Les politiques de sécurité peuvent, par exemple, autoriser des discriminations étendues et
prolongées selon l’origine ethnique et le phénotype. Ces discriminations peuvent aussi
s’étendre à des migrants naturalisés, précarisant ainsi le statut de personnes détenant le
statut juridique de citoyens et dont le seul crime est d’avoir vu le jour à l’étranger. Un
autre crime est l’appartenance religieuse présumée : ainsi, les pays d’origine des
ressortissants étrangers visés par la « Special Registration » du Department of Homeland
Security américain s’élèvent à 25 : « Special Registration, put in place after September
11, 2002, to keep track of those entering and leaving our country in order to safeguard
U.S. citizens and America’s borders […] was the first step taken by the Department of
Justice and then by the Department of Homeland Security in order to comply with the
development of the Congressionally-mandated requirement for a comprehensive entryexit program.” (Department of Homeland Security, 2006).
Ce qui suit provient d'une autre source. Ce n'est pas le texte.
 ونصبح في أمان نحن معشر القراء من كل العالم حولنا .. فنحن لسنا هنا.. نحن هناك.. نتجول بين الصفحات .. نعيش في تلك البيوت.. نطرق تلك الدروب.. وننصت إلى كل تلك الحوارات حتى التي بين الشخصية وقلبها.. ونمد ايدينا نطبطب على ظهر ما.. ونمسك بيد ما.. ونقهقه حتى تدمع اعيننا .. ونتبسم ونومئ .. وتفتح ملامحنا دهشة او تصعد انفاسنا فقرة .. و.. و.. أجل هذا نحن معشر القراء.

Selon la C.I.A. (2006), la
population de 24 de ces 25 pays compte de 60 à 100% de musulmans. Le traitement du
migrant vulnérable constitue le cas limite qui teste la solidité des fondements
démocratiques de l'État de droit. Les droits et libertés proclamés comme fondamentaux et
inhérents à toute personne humaine doivent être mis en oeuvre en faveur de tous, quels
que soient leur statut juridique ou leur condition. Il est nécessaire de promouvoir une
‘citoyenneté’ sociale, politique, juridique et de santé du migrant vulnérable,
« citoyenneté » étant ici entendue comme un ensemble cohérent de droits et de
bénéfices qui permettent une participation significative à la vie de la cité.
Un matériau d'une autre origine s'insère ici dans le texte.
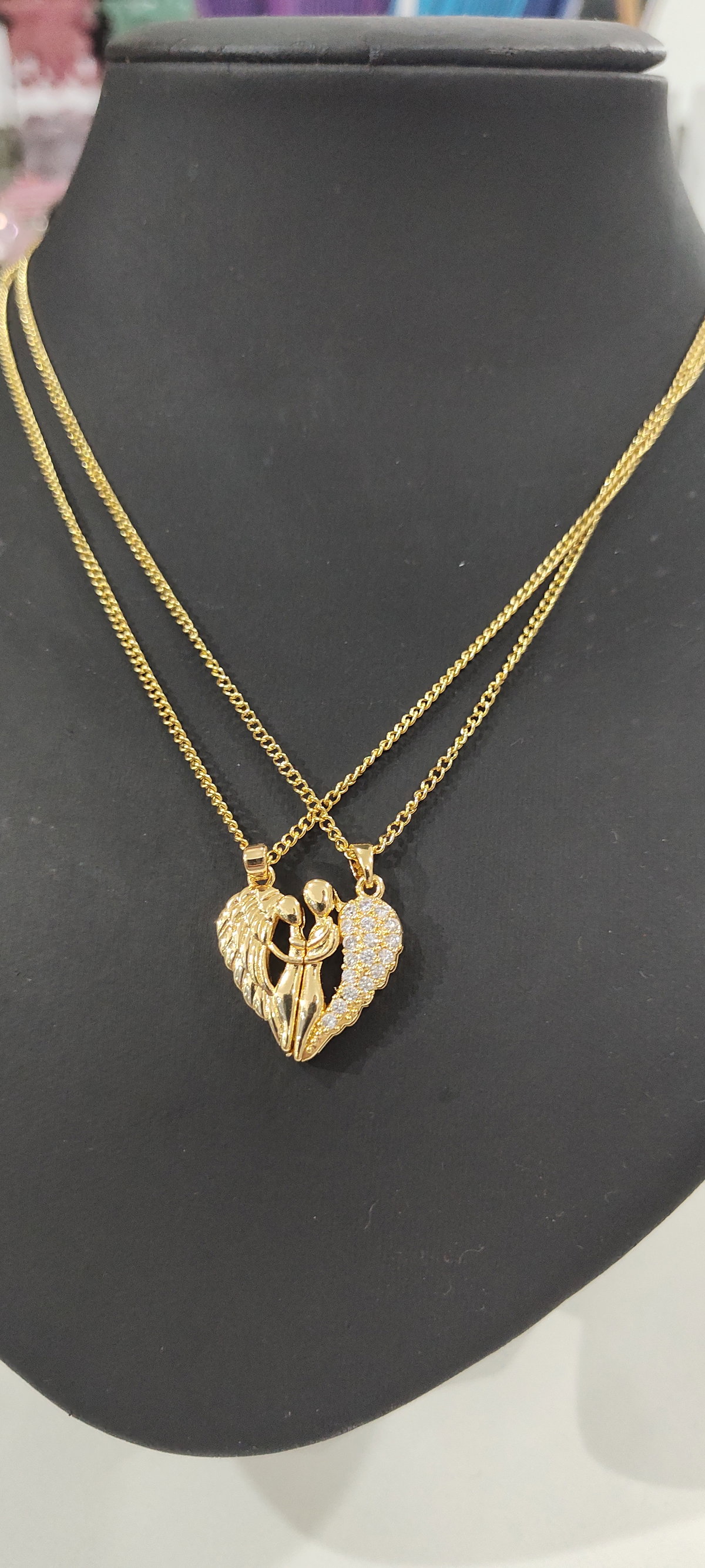 Captura la esencia del amor y la protección con este encantador collar dorado diseñado para compartir. Este dúo de collares no solo es un accesorio hermoso, sino un poderoso símbolo de la conexión irrompible entre dos personas: tú y esa persona especial.

L’objectif général de la programmation de recherche vise à (1) analyser les diverses
stratégies institutionnelles pour réconcilier les préoccupations sécuritaires des États
(protection du territoire, lutte contre criminalité et terrorisme, etc.) et les droits et libertés
de chacun, dans une conception élargie de la citoyenneté (participation à la cité); (2)
étudier les conséquences des tensions intercommunautaires créées et des contradictions
entre les besoins de protection des migrants vulnérables et les transformations de leurs
droits relevant du discours sécuritaire, et (3) identifier, développer ou évaluer des
initiatives multisectorielles ayant pour objectif de minimiser ces conséquences. Les
recherches de l’équipe porteront centralement sur la situation canadienne, mais des
comparaisons seront souvent essentielles avec des sociétés comparables : Europe (Union
européenne et certains pays à déterminer), États-Unis et Australie. La programmation de
recherche sera articulée autour de quatre axes reflétant chacun un enjeu majeur pour la
question traitée, à savoir les axes sécurité, juridique, social et santé. Cette démarche,
contribuera à la formulation par l'équipe de recherche d’une vision d'ensemble cohérente
des divers concepts sécuritaires dans les discours de l'après-11-septembre, pour mieux
saisir la trame de fond idéologique sur laquelle se tressent les interrelations entre
étrangers et citoyens, aux plans politique, juridique, social et de santé.